Открыл глаза, а над ним жрица склонилась, рукой ласковой по щеке гладит. А на устах улыбка добрая, и глаза светом тайным наполнены, будто душа сквозь них светится. Глядит на нее Арнард, а сам понять не может, то ль во сне ответ услышал, то ль и вправду было, да ненаглядным его Эрин назвала.
- То всё сон, Арнард, - говорит ему жрица тихо. – Прошел уж, не воротится.
- Каждую ночь его вижу, пока царь снадобья своего не даст, - князь ей отвечает. – Реку вижу быструю, да мост деревянный. И будто на дне реки этой душа моя покоится, за собой зовет. И имя одно всё выкрикиваю, зову ту, что в реке покоится. Как тебя, ее звали, жрица.
- Помнишь, стало быть, - то ли спросила, то ли сама себе ответила.
- Сон помню. Как не запомнить, что год за годом вижу? А что в жизни было, как отрезано.
- Еще что помнишь?
Хотела Эрин на ноги подняться, да не отпустил князь, запястье сжал да на себя потянул. Вот и упала на грудь крепкую, да вставать не спешит. Глядит в глаза дымные, в рассветном свете совсем темные, наглядеться не может. Так и хочется ей к устам желанным прижаться, да первой не решается, ждет, что Арнард сделает. А он жрицу-то и перевернул, уложил с собой рядом, да сам сверху склонился. Да по лицу ее взглядом жарким блуждает, оторваться сил нет.
- Кто ты? – спрашивает.
- Эрин я, жрица старшая, - она отвечает. – А до того княгиней пресветлой была, да недолго. А до княгини в девках простых ходила, в деревне Озерной жила.
- Озерная, - глаза прикрыл Арнард, задумался, словно слово знакомое слышит. – А княгиней как стала?
- Да как девка простая княгиней пресветлой стать могла? За князя пресветлого замуж вышла. По любви взял, у другого отбил, сына кузнецова. Так со свадьбы чужой своей женой и увез. А как в город княжеский приехали, у няньки оставил, с глаз отца подалее. И сестрица его мне помощницей стала. Пока с нечистью поганой муж мой разбирался, от отца родного прикрыла.
- А дальше, что было?
- А дальше с мужем так и не свиделись. Князь старший от меня сына избавить решил.
- Сын и позволил?
- Не позволил, да сделать уж ничего не смог. Не было его, пока лиходейство творилось. Как вернулся, уже поздно стало.
- И защиты не было?
- Были охранники, мужем приставленные. Да только что охранники супротив князя с приспешниками сделать могут? Вот и не справились. Один лишь помочь, чем смог, сумел. Доброе дело сделал, чтоб не мучилась.
- А князь что же, муж который?
- А муж мой любимый отца не простил, от рода отрекся да прочь ушел, с тех пор и не виделись. И сказать я ему не успела главного, и о том, где скрылась не передала. Да и передать уж кому не было. Скор оказался князюшка на решения, в тот же день, как узнал, так прочь и отправился, вестей по себе не оставил. Да и кому оставлять было? Коли дядька его еще сам не вернулся, а сестра отцу подвластная. Ему горе глаза застило, от беды своей сбежать захотел, а про то, что жена его живехонькая дожидается, не узнал даже. Вот и стала я жрицей Аридиной, так жизнь и проживаю, да о муже любимом тоскую. Всё жду, что воротится, да скажет: «Голубка моя нежная».

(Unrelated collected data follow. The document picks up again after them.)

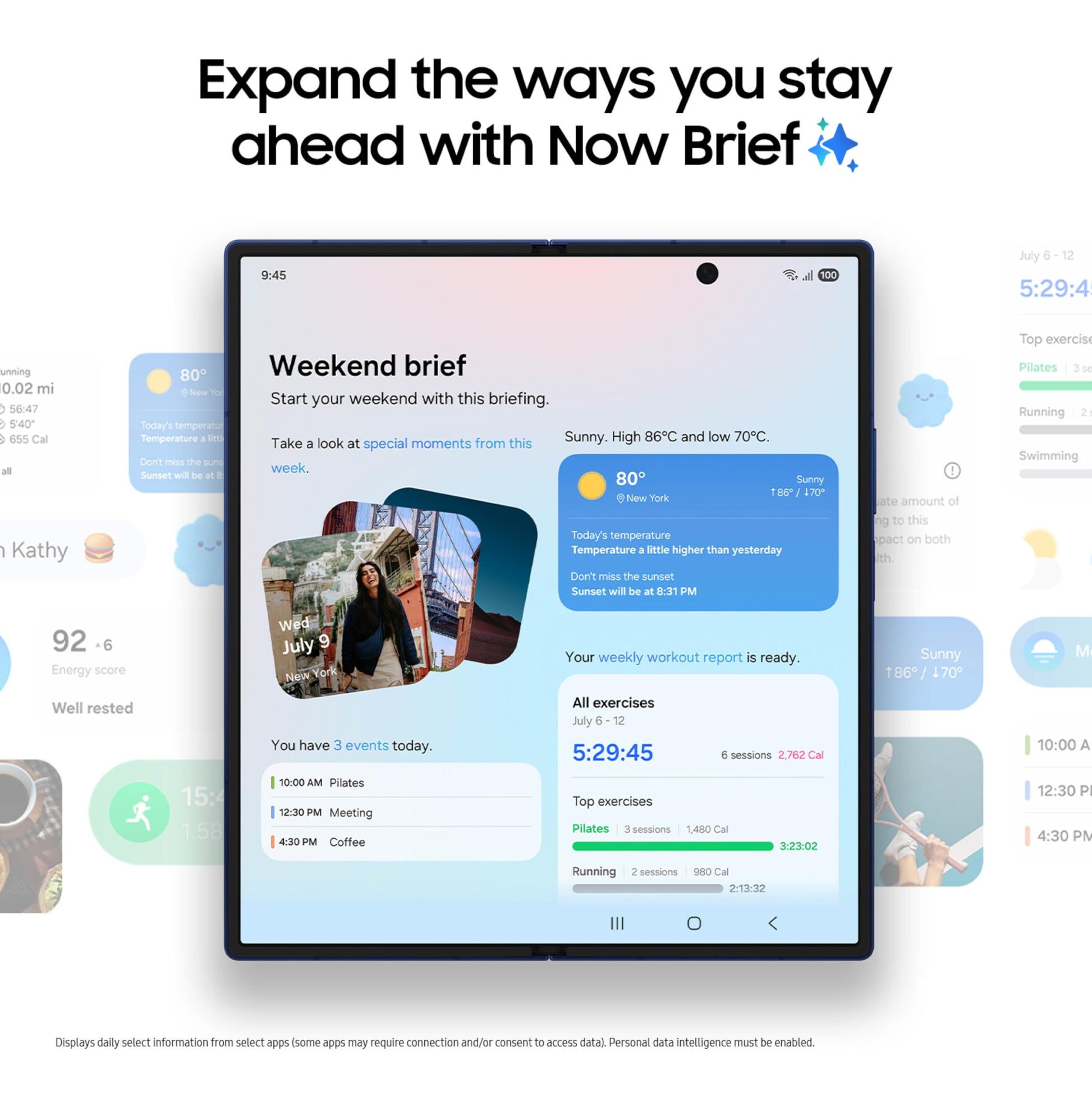 - EXPAND THE WAYS YOU STAY AHEAD: With Galaxy Z Fold7, you get to decide how to stay ahead. See your daily briefings at a glance on the cover screen, or unfold your phone for an expansive view.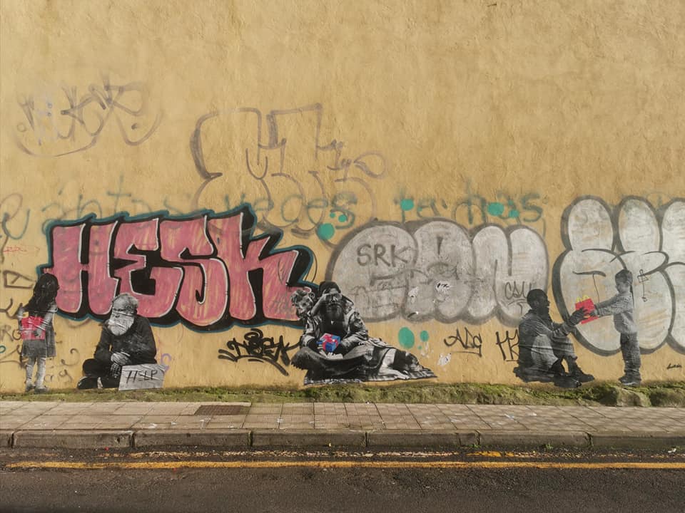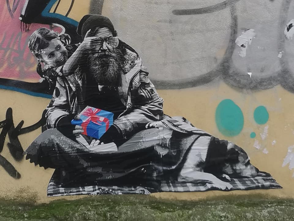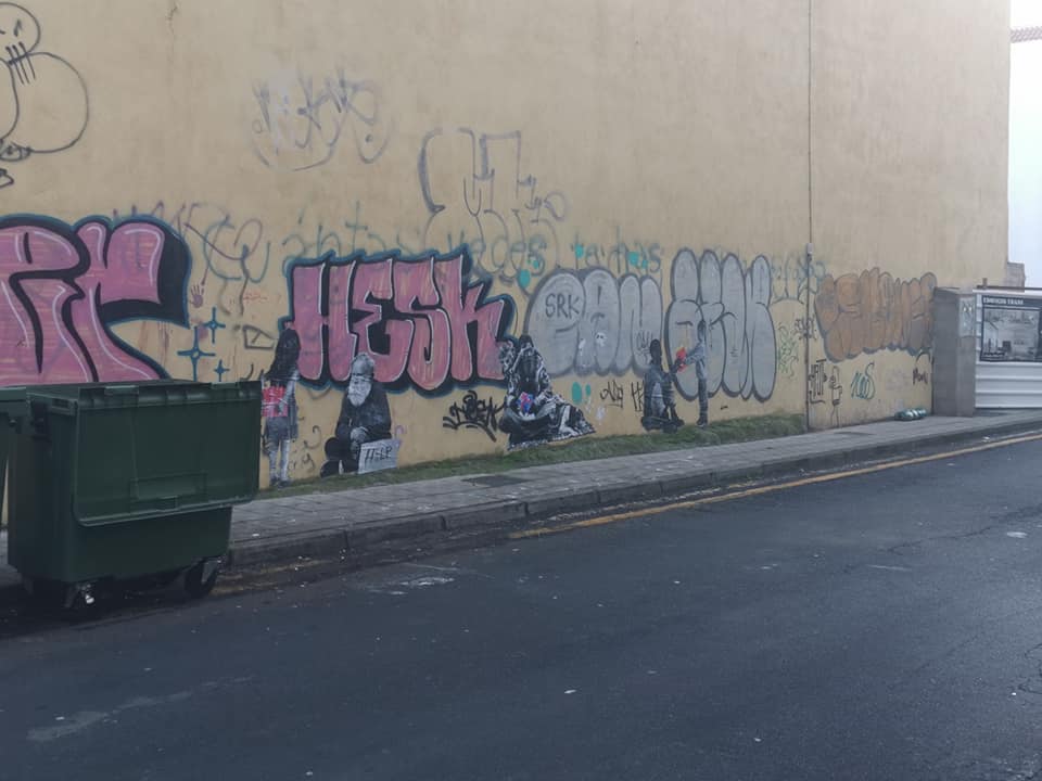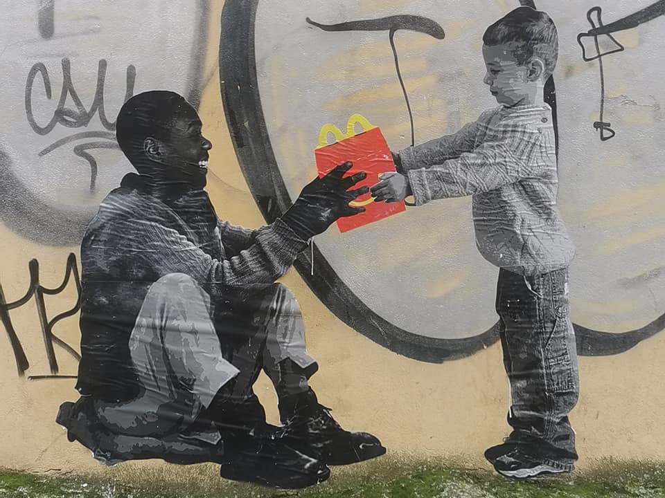 El contraste es poderoso: en lugar de que los Reyes Magos den regalos, aquí los reciben de los niños. El regalo en colores vivos simboliza esperanza y humanidad en medio de la marginalidad.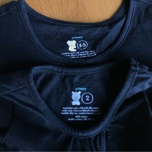 Pair of primary short sleeved dresses in black. One is size 2 and the other is size 4-5. Have pockets! Both are in good used condition, but the 4-5 was worn more and has minor wash wear. The dresses don’t photograph great. Thank you for looking! I am an active seller who ships quickly :).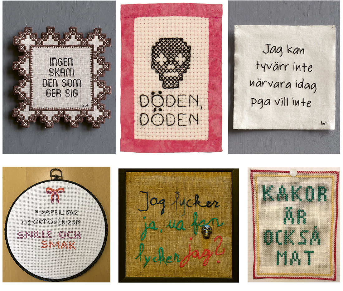 I Giselas fall har broderiet dessutom lett till något hon idag kan försörja sig på. Hon trycker sina tankeväckande broderade ord och säljer dem via sin hemsida www.broderauttexten.se. Det går också att se fler av hennes alster på Facebook och Instagram, under samma namn: broderauttexten.

- Голубка моя нежная, - эхом князь отозвался. – Так и я девку с глазами синими в виденье вчера называл. Была, стало быть, в жизни моей похожая. И на коне ее вез, и в лесу на лугу цветущем сидел, а она мне глаза руками закрывала да смеялась весело. И имя-то одно всё в голове вертится. Эринкой ее, выходит, звали. И Михая вспомнил, чьим именем ворона верного назвал. Да только в тумане все, ни лиц толком, не мест не вижу. И что случилось со мной, того тоже упомнить не могу.
Да что ж ты, князюшка, всё по краю ходишь, да не в ту сторону оборачиваешься? Вот ведь память твоя, под боком лежит, глазами знакомыми смотрит. И имя есть, и облик любимый, да только годы в беспамятстве, да река проклятая с мостом деревянным одно с другим сложить не дают, да к прошлому воротиться. Вот и блуждает впотьмах, что перед носом есть, увидеть не может.
- А князь твой слаб, видать, оказался, коли бросил всё, да ушел восвояси.
- Да где же слаб, Арнард? Был бы слаб, при отце-душегубе жить остался, да волю его дальше исполнял. А он простить дела черного не смог, вот от рода своего и отказался, да богов великих проклял.
Сказала и глядит на мужа, ждет, что ответит.
- Вот и я в богов не верую и рода-племени не знаю. Похожи, видать, мы с мужем твоим.
- На одно лицо, сокол ясный. И ростом и статью. На тебя гляжу, а его вижу. – Да и прошептала, так что сердце князюшки замерло: - Ненаглядный мой…
- Голубка моя нежная, - Арнард ответил да к устам ее поцелуем долгим прижался.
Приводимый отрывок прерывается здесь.